主担当の早坂も本職はプロダクトのカスタマーサクセスを担当しています。
LRMには、弊社のような小人数の会社を、しっかりサポートしていただける体制が整っていると感じました。
(2)過去のサポート実績
これまでのサポート実績を拝見すると、弊社と同じような業界の会社へのコンサルティング実績が豊富でした。
(3)問い合わせに対する対応
契約前に細々とした相談をさせていただいた際のレスポンスの早さと丁寧な対応が、弊社のカルチャーや仕事の進め方と相性が良いと感じました。
— 契約前にされたご相談とはどのようなことですか。
コンサルティング内容に関することが中心です。どのような場合に追加料金はかかるのか、などサポートメニューについて確認をしました。またISMSに関する不明点や不安についても質問しました。弊社はグループ会社と同じフロアで仕事をしていますので、そのような執務環境でもISMS認証が取れるのか、遠隔地の業務委託先を認証範囲に含めなければいけないのか、審査を含めISMS認証を取るために全体でどれぐらいの費用を見込んでおけば良いのかなど、様々な質問をしました。
それらの質問は、LRMだけではなく、比較したコンサルティング会社全てに同じようにしました。
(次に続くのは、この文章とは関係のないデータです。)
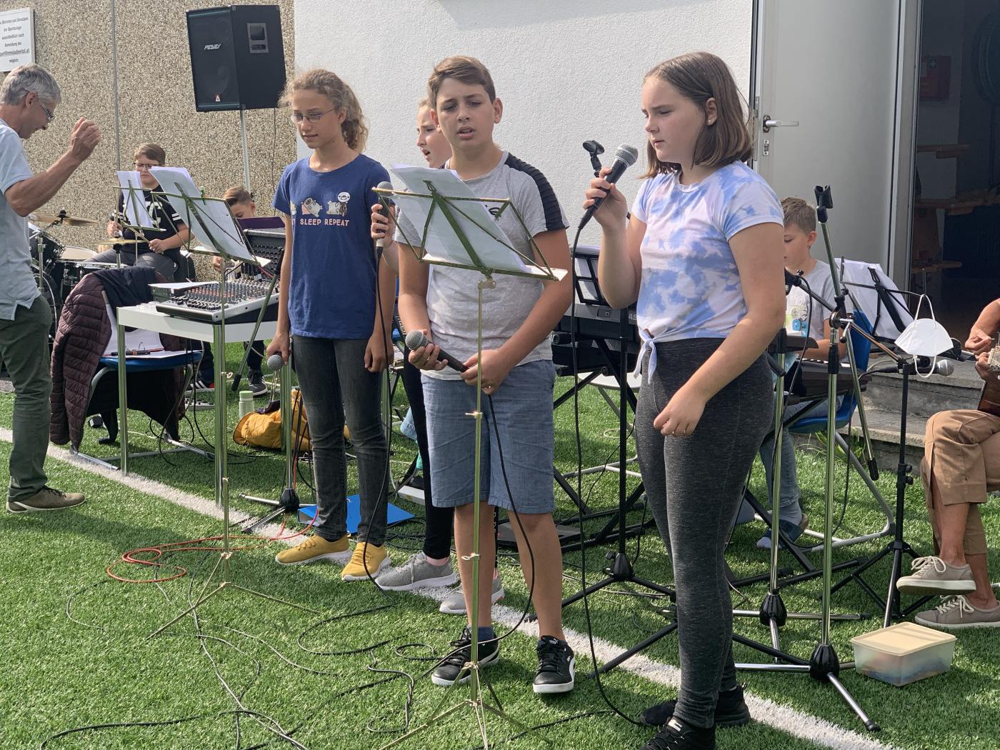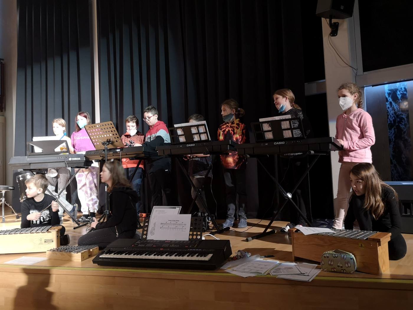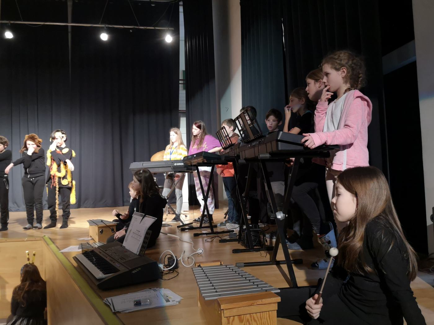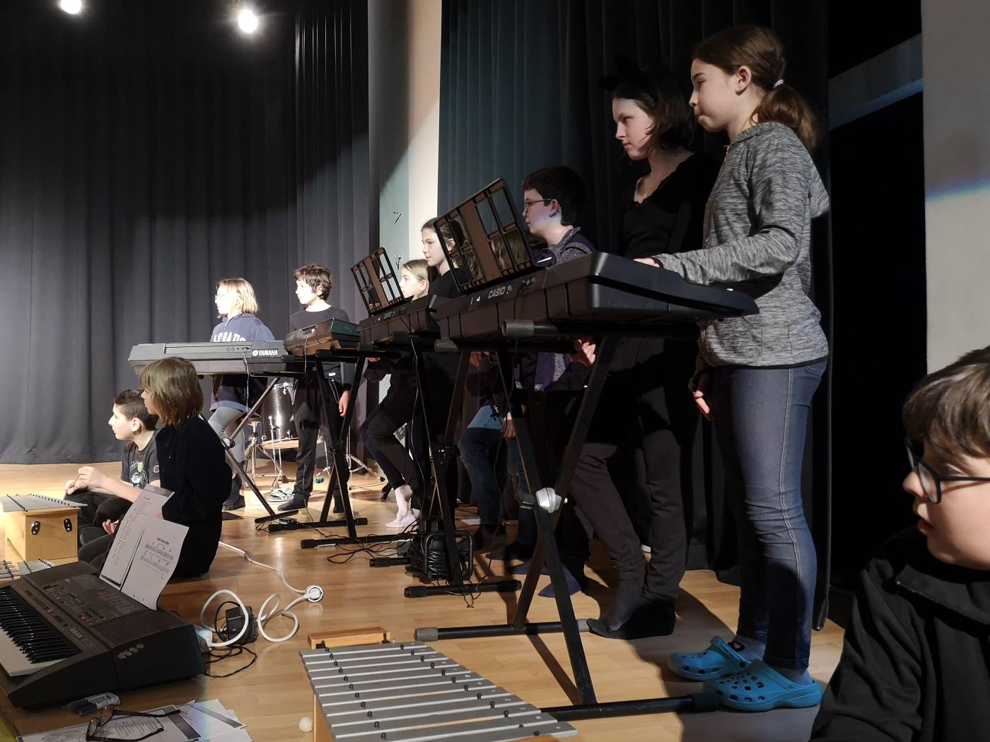 Der Musical-Cast von unserem Darstellenden Spiel hat sich mit der Schulband auf unsere Bühne begeben, um gemeinsam mit Live-Musik, Tanz und Gesang zu proben.
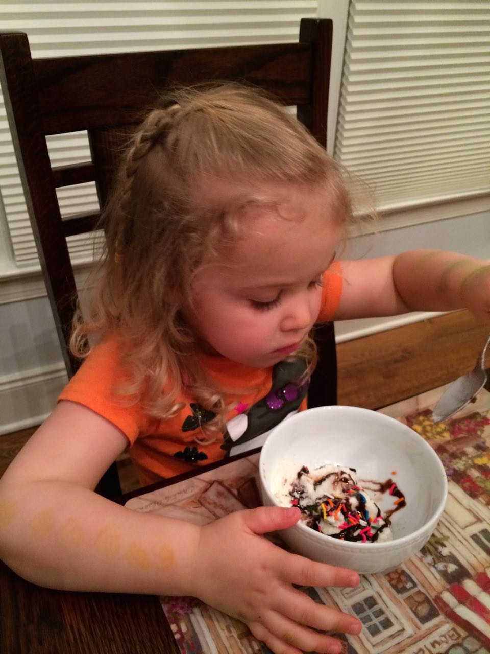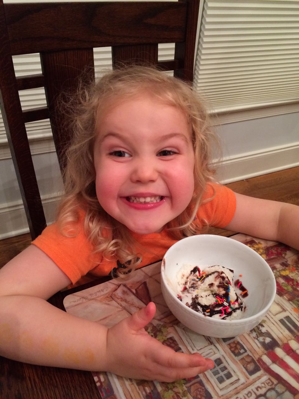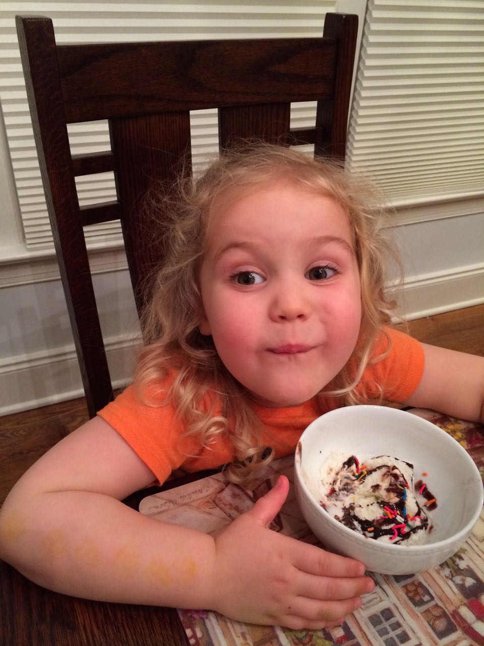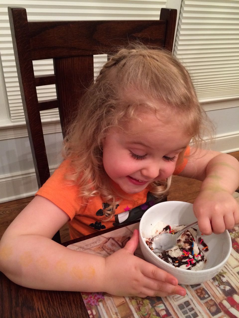 Today I let Brian work on his Crystal Mining set–basically, three interesting rocks in a brick of plaster of paris, where the objective is to slowly saw them out with a plastic knife. Talk about busy work! But, the kids found it fun and exciting, to see what will get uncovered. While putting some things away while the kids were otherwise occupied, I suddenly remembered the silver bowl that we’d bought in India, and the two tiny silver spoons we’d bought at the same time, just in case we got married and had a baby one day. We were in line, checking out, and I was holding the one tiny spoon we’d picked out. Our eyes met and we both said something like, “ah, maybe get a second one–you never know.” So, our babies both had silver spoons since 1999, even though we didn’t actually feed them with those spoons! We’d more or less forgotten about the spoons, I guess (and were busy, carefully feeding the kids with the safest, most age-appropriate modern flatware.) 😉 We had dinner at Grandma Sue’s house, and saw the Easter Egg decorations Brian had made! Kendall was really excited about her dessert of ice cream, chocolate syrup, and the best part–rainbow sprinkles!
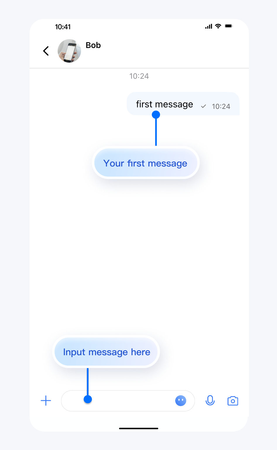 // Pass userID for 1v1 conversation.- (void)pushToChatViewController:(NSString *)groupID userID:(NSString *)userID {// Create conversationData.TUIChatConversationModel *conversationData = [[TUIChatConversationModel alloc] init];conversationData.userID = userID;// Create c2c chatVC.TUIBaseChatViewController_Minimalist *chatVC = [[TUIC2CChatViewController_Minimalist alloc] init];chatVC.conversationData = conversationData;// Option 1: navigate to chatVC.[self.navigationController pushViewController:chatVC animated:YES];// Option 2: add chatVC as a childVC to your parent VC.// [self addChildViewController:vc];// [self.view addSubview:vc.view];}
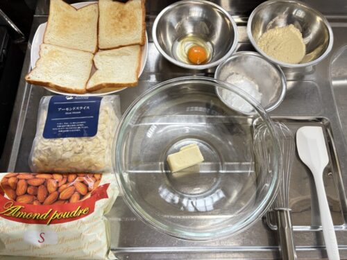 今回のスイーツは、食パンで作るクロワッサン・オ・ザマンド。
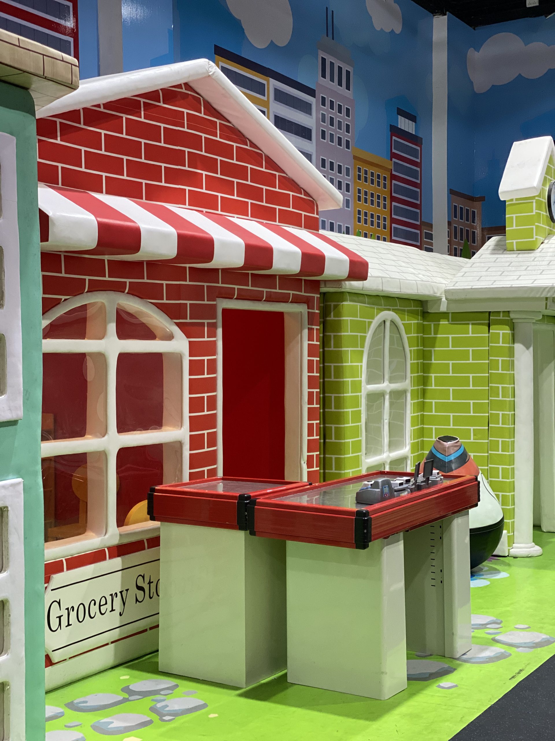 Indoor city with a gas station a hospital, roads, rooms for kids to play in
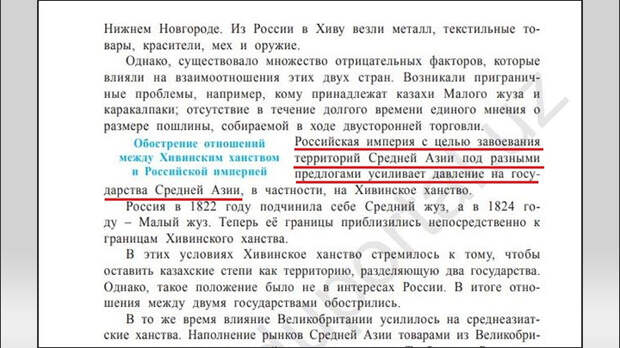 Ситуация с Хивинским и Кокандским ханствами описывается в таких же выражениях: "начало завоевательного похода России против среднеазиатских ханств…", "завоевание Средней Азии под разными предлогами…".
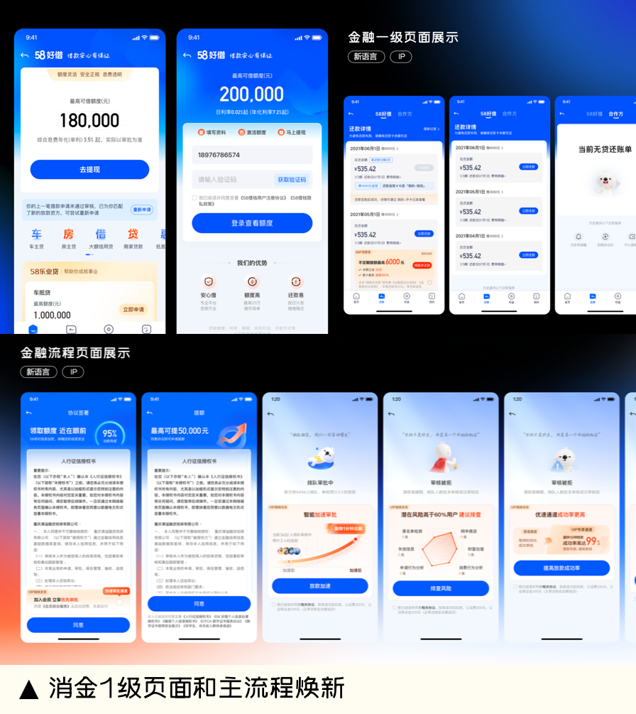 58消金产品一级页面全面焕新,额度展示、还款管理等核心场景体验升级。新设计语言上线后,用户转化路径更顺畅,核心业务指标实现双位数增长。
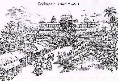 LocationSwamimalai is a sylvan village, situated about five kilometers west of Kumbakonam on the banks of a tributary of river Cauvery. The temple is situated very close to the bus stand and the railway station is about two kilometers away. It is well connected to and surrounded by important places like Kumbakonam, Tiruvidaimarutur, Mayiladuthurai, Papanasam, Tanjavur etc. Mythology and HistorySwamimalai is fourth among the six padai veedu or sacred shrines dedicated to Lord Muruga. The presiding deity here expounded the meaning of the Pranava mantra OM to his own Father Lord Siva Himself. Mythology says that saint Bhrugu before commencing an arduous tavam or penance, got the boon that anybody disturbing his mediation will forget all his knowledge. Such was the power of the penance that the sacred fire emanating from the head of the saint reached up to the heavens, and the frightened devas surrendered to Lord Siva praying for his grace. The Lord extinguished the sacred fire by covering the saint's head by hand. With the saint's penance thus disturbed the Lord became oblivious of all his knowledge and is said to have regained them by learning the Pranava mantra from Lord Muruga at this shrine. Once when Brahma, the lord of all creations was proceeding to Kailasa, the ever-playful child Lord Muruga asked him for the meaning of the Pranava OM. When Brahma admitted his ignorance, the Lord imprisoned him. With Brahma imprisoned, all creations came to a standstill and the devas prayed to Lord Siva to get Brahma released. When Muruga insisted that the imprisonment was a just punishment for the ignorance of Brahma, Lord Siva asked him whether he himself knew the meaning of the primordial Pranava OM. Lord Muruga said that he knew the meaning of OM and can expound it to the latter only if he can accept him as guru and listen to the exposition as a devoted disciple. As Lord Siva acceded to the request of Lord Muruga and heard the exposition of OM as a disciple, the place came to be known as Swamimalai and the presiding deity as Swaminathan. The temple is built on an artificial hillock of about sixty feet height with sixty beautifully laid stone steps representing the Hindu cycle of sixty years - leading to the Lord . In the ground floor there are temples dedicated to Lord Sundareswarer and Goddesss Meenakshi. Hymns in praise of the presiding deity have been sung by saint Nakkeerar in Tirumurukatrupadai and by Saint Arunagirnathar in Tiruppukazh. Pujas and FestivalsDaily pujas to the deities are performed six times a day (six kalams). Usha Kalam, Kalasandhi and Uchikala poojas are performed in the forenoon and the afternoon poojas commencing from Sayaratchai and Rendam kalam are concluded with Arthajama pooja in the night.
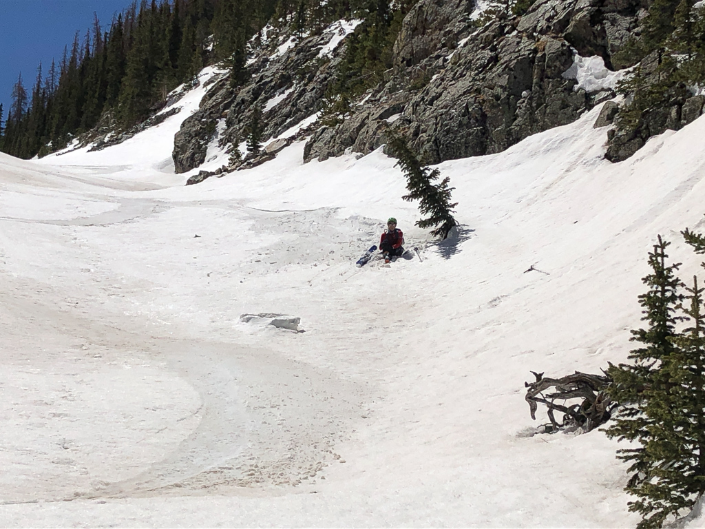 Unfortunately John hit a collapsing section of snow next to a small tree, and injured his ankle. Fortunately it wasn’t worse, as he was still able to ski and then hike out.
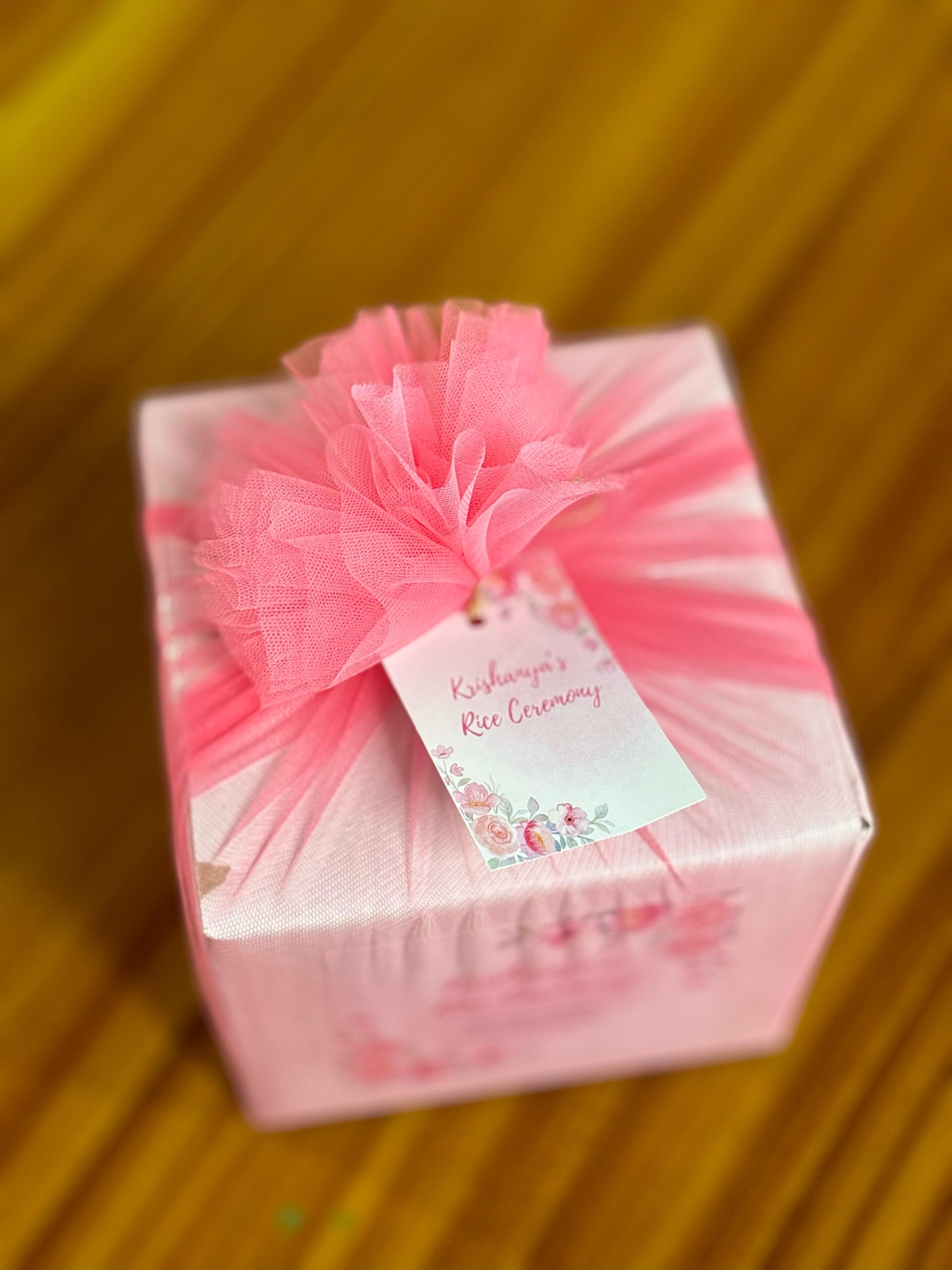 Custom Printed Gift Box beautifully wrapped in pink net fabric
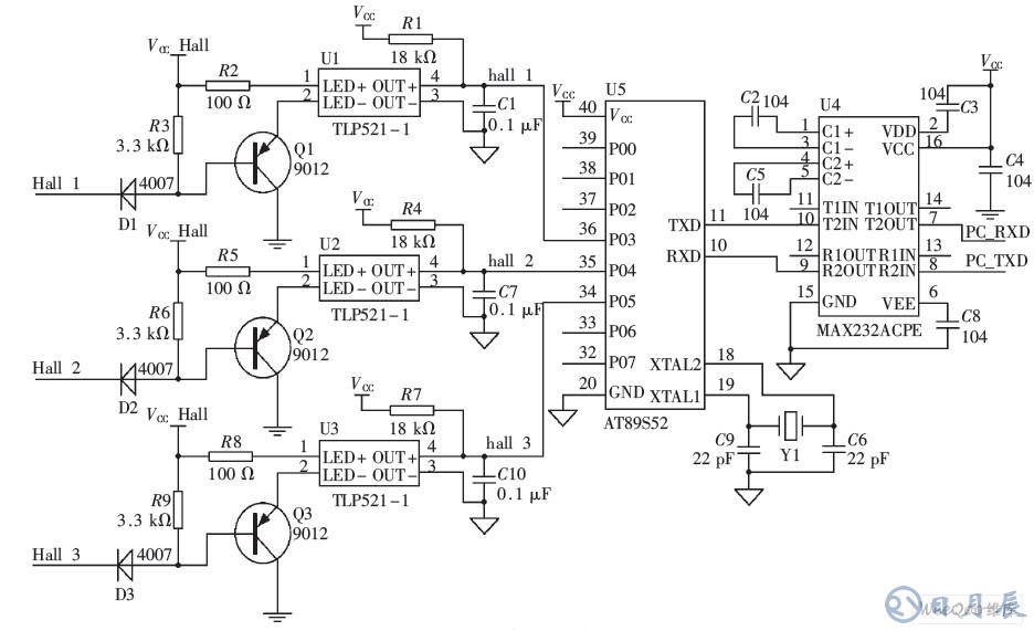 霍爾傳感器在無(wú)刷直流電機(jī)控制系統(tǒng)中起著非常重要的作用。它用于檢測(cè)轉(zhuǎn)子磁極的位置, 為開(kāi)關(guān)電路提供正確的換相信息。若霍爾傳感器的相位產(chǎn)生偏差則會(huì)使電子換向的時(shí)間發(fā)生偏差, 影響電機(jī)的轉(zhuǎn)速和平穩(wěn)度。若霍爾傳感器的相位缺相,則會(huì)使電機(jī)相電流變大和電磁轉(zhuǎn)矩脈動(dòng)增大, 甚至燒毀電機(jī)。所以霍爾相位的檢測(cè)是十分重要的#本文中將設(shè)計(jì)的邏輯信號(hào)檢測(cè)分析儀應(yīng)用在電機(jī)霍爾傳感器信號(hào)檢測(cè)上。其硬件電路如圖3所示。
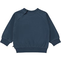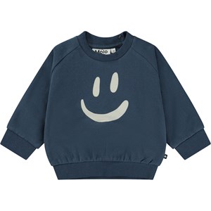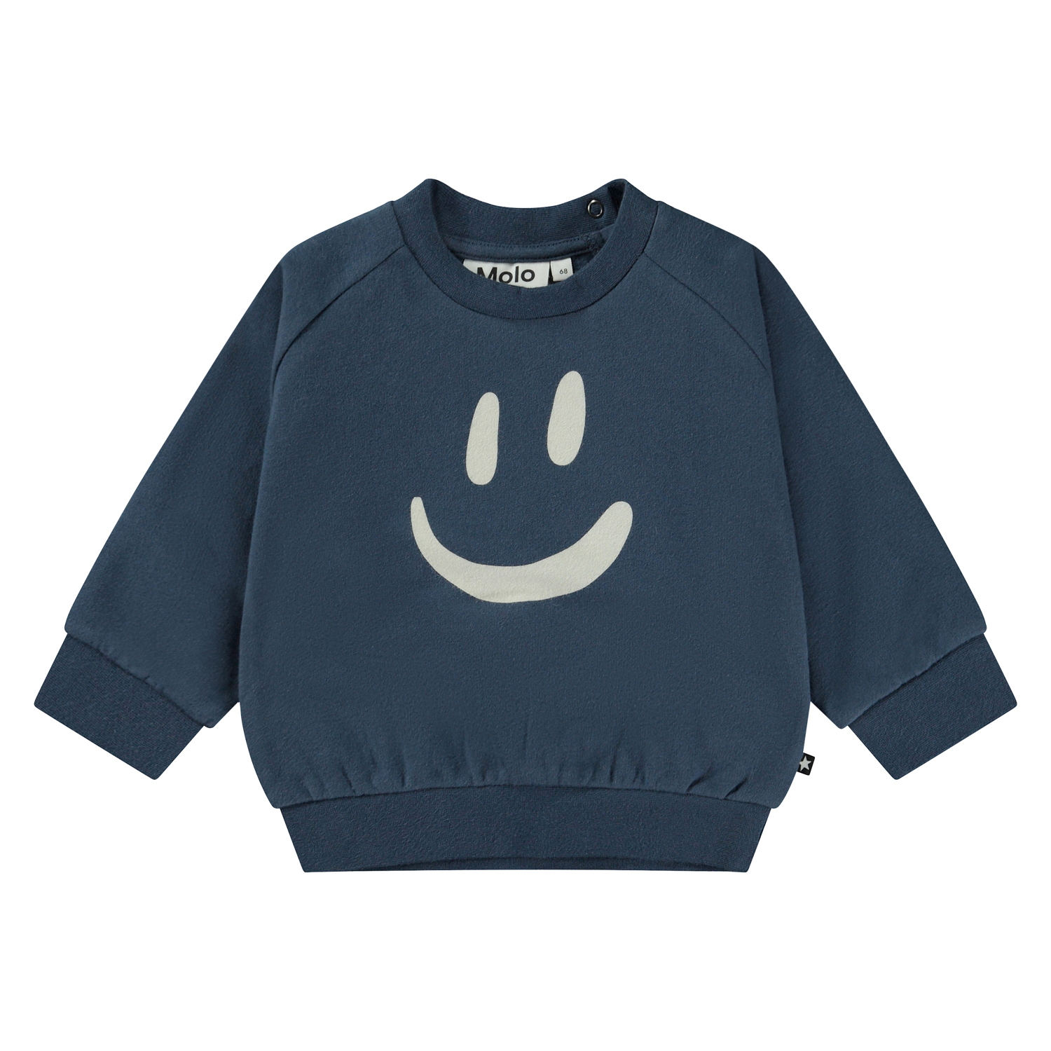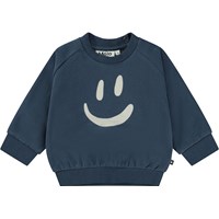 Mörkblå babytröja med en stor smiley mitt på magen, som är redo för bus. Denna tröja är tillverkad i 100% bomull, har rund hals med ribbkant, ribbkant vid handleder och höfter och tryckknappar vid halsen, vilket gör den enkel att ta av och på. Matcha ev. dena tröja med byxorna, Simeon, i samma mönster för det perfekta setet.
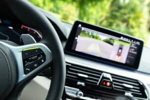 Los sensores de aparcamiento perimetrales son de serie, aunque es recomendable añadir el Parking Assistant Plus opcional con Surround View con Top View, Remote 3D View, PDC y sistema de aparcamiento semiautónomo si vamos a movernos por espacios estrechos. La visión nocturna con detección de peatones no está disponible en el Serie 6 GT.

中にはその段階で料金が発生する会社もありましたし、レスポンスが良くない会社もありました。それに対してLRMは、その段階から一生懸命ご対応下さいました。半年に渡るプロジェクトに一緒に取り組むパートナーとして、同じ方向を向いて取り組めるコンサルティング会社であると感じました。
— 認証取得までの期限は設けておられたのですか。
特に厳密な期限は設けていませんでしたが、出来るだけ早く取りたかったので、金子さんと二宮さんにお願いして、スケジュールを詰め気味でご対応いただきました。事前に情報収集した上で、大体半年ぐらいで取得できれば良いと思っていましたが、結果として5ヶ月で取得できましたので感謝しています。
グループのルールを踏まえた上でAI Shift社独自のルールを構築
— サイバーエージェントグループにはグループとしての情報セキュリティルールがおありだと伺いました。ISMS認証構築にあたって、グループ全体のルールは踏まえる必要があったのでしょうか。
当然、私達もグループの一員ですし、複数のグループ会社とオフィスを共用していますので、整合性が取れたルールを構築する必要がありました。そのため、LRMとの打ち合わせにはサイバーエージェント社のセキュリティ部門から2名、法務から1名の合計3名が同席しました。
— 御社側の体制をお話し下さい。
弊社からは米山・早坂の2名がISMS事務局としてプロジェクトの中心を担いました。そこにサイバーエージェント社から3名、LRMのお二人が入り、常時7名で打ち合わせをしながらISMSを構築していきました。また、必要に応じて弊社の各事業部の代表者が参加することもありました。
ISMS認証取得後も、継続的な改善活動に取り組む上で認識合わせが出来るよう、サイバーエージェント社の法務部門とセキュリティ部門を交えた定期的な話し合いの場を設けました。
— グループのセキュリティルールと整合性を図る作業はご苦労されませんでしたか。
いいえ。特に苦労はしませんでした。打ち合わせには、AI Shift、サイバーエージェントグループ、ISMS、それぞれについてきちんと理解し、その場で判断できる人間が揃っていましたのでスムーズに進めることが出来ました。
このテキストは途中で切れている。